Installation and Setup

Before parsing HTML strings, you need to add SwiftSoup to your project. Add it to your Package.swift file:

dependencies: [
    .package(url: "https://github.com/scinfu/SwiftSoup.git", from: "2.6.0")
]

Or if using Xcode, add the package through File → Add Package Dependencies.

Import SwiftSoup in your Swift file:

import SwiftSoup

Basic HTML String Parsing

The fundamental method for parsing HTML from a string is using SwiftSoup.parse().
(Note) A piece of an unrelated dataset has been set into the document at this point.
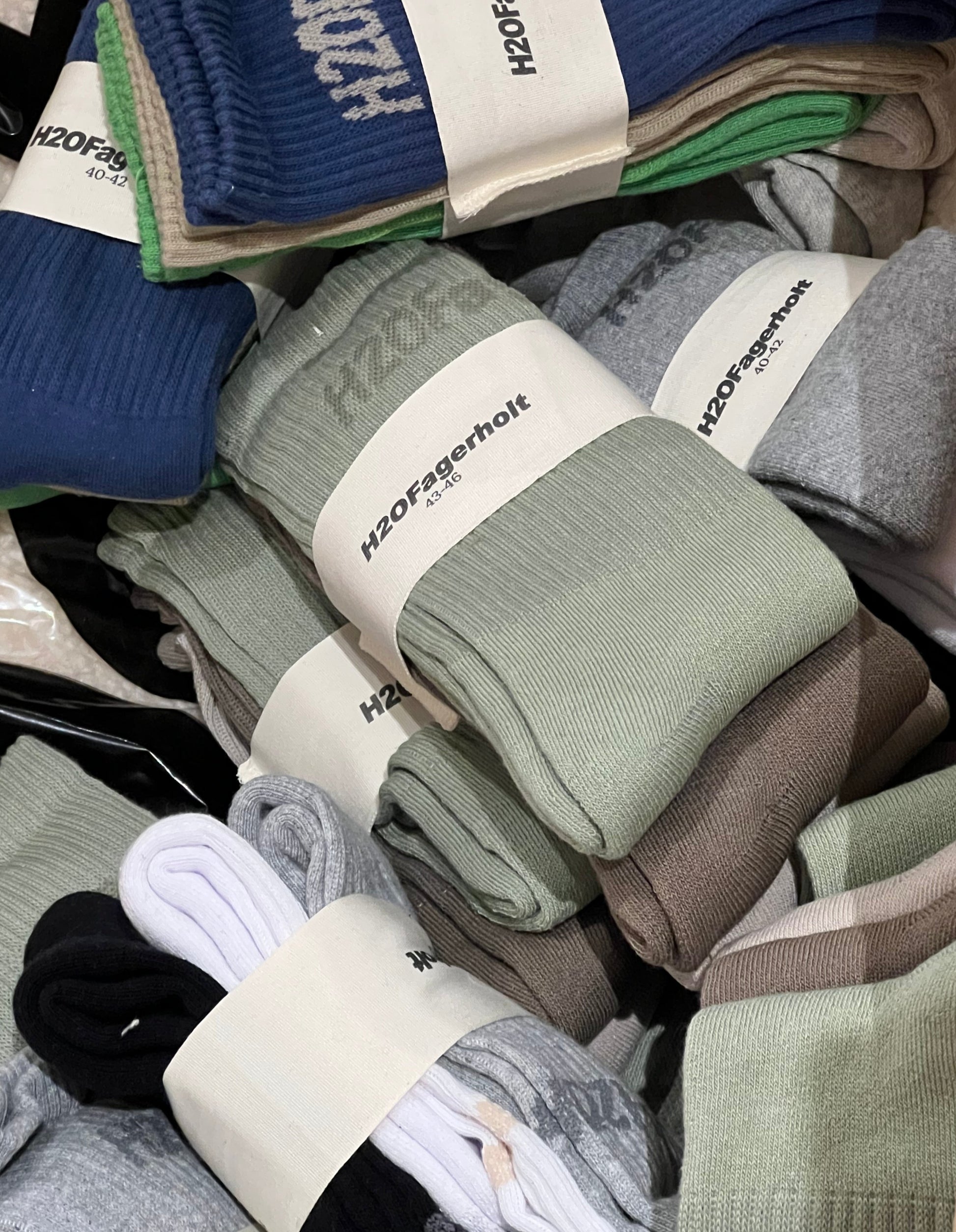Made from a stretchy cotton blend, these classic socks are H2OFagerholt-knitted with black logo lettering and have ribbed cuffs. Wear yours with an oversized shirt, shorts, and sandals.

Here's the basic syntax:

import SwiftSoup

let htmlString = """
<html>
<head>
    <title>Sample Page</title>
</head>
<body>
    <h1>Welcome to SwiftSoup</h1>
    <p class="intro">This is a sample paragraph.</p>
    <div id="content">
        <ul>
            <li>Item 1</li>
            <li>Item 2</li>
            <li>Item 3</li>
        </ul>
    </div>
</body>
</html>
"""

do {
    let doc: Document = try SwiftSoup.parse(htmlString)
    print("Document parsed successfully")
    print("Title: \(try doc.title())")
} catch Exception.Error(let type, let message) {
    print("Error: \(type) - \(message)")
} catch {
    print("Unexpected error: \(error)")
}

Extracting Specific Elements

Once you have a parsed document, you can extract specific elements using CSS selectors or element traversal methods:

Using CSS Selectors

do {
    let doc = try SwiftSoup.parse(htmlString)

    // Select by tag name
    let headings = try doc.select("h1")
    for heading in headings {
        print("Heading: \(try heading.text())")
    }

    // Select by class
    let introElements = try doc.select(".intro")
    for element in introElements {
        print("Intro text: \(try element.text())")
    }

    // Select by ID
    let contentDiv = try doc.select("#content").first()
    if let content = contentDiv {
        print("Content HTML: \(try content.html())")
    }

    // Complex selectors
    let listItems = try doc.select("div#content ul li")
    for item in listItems {
        print("List item: \(try item.text())")
    }

} catch {
    print("Parsing error: \(error)")
}

Traversing Elements

do {
    let doc = try SwiftSoup.parse(htmlString)

    // Get all paragraphs
    let paragraphs = try doc.getElementsByTag("p")

    // Get first paragraph
    if let firstParagraph = paragraphs.first() {
        print("First paragraph: \(try firstParagraph.text())")

        // Get attributes
        let className = try firstParagraph.attr("class")
        print("Class attribute: \(className)")
    }

    // Get elements by attribute
    let elementsWithClass = try doc.getElementsByAttributeValue("class", "intro")

} catch {
    print("Error traversing elements: \(error)")
}

Working with Malformed HTML

SwiftSoup is forgiving with malformed HTML and will attempt to create a valid document structure:

let malformedHTML = """
<div>
    <p>Unclosed paragraph
    <span>Nested span</div>
<div>Another div
"""

do {
    let doc = try SwiftSoup.parse(malformedHTML)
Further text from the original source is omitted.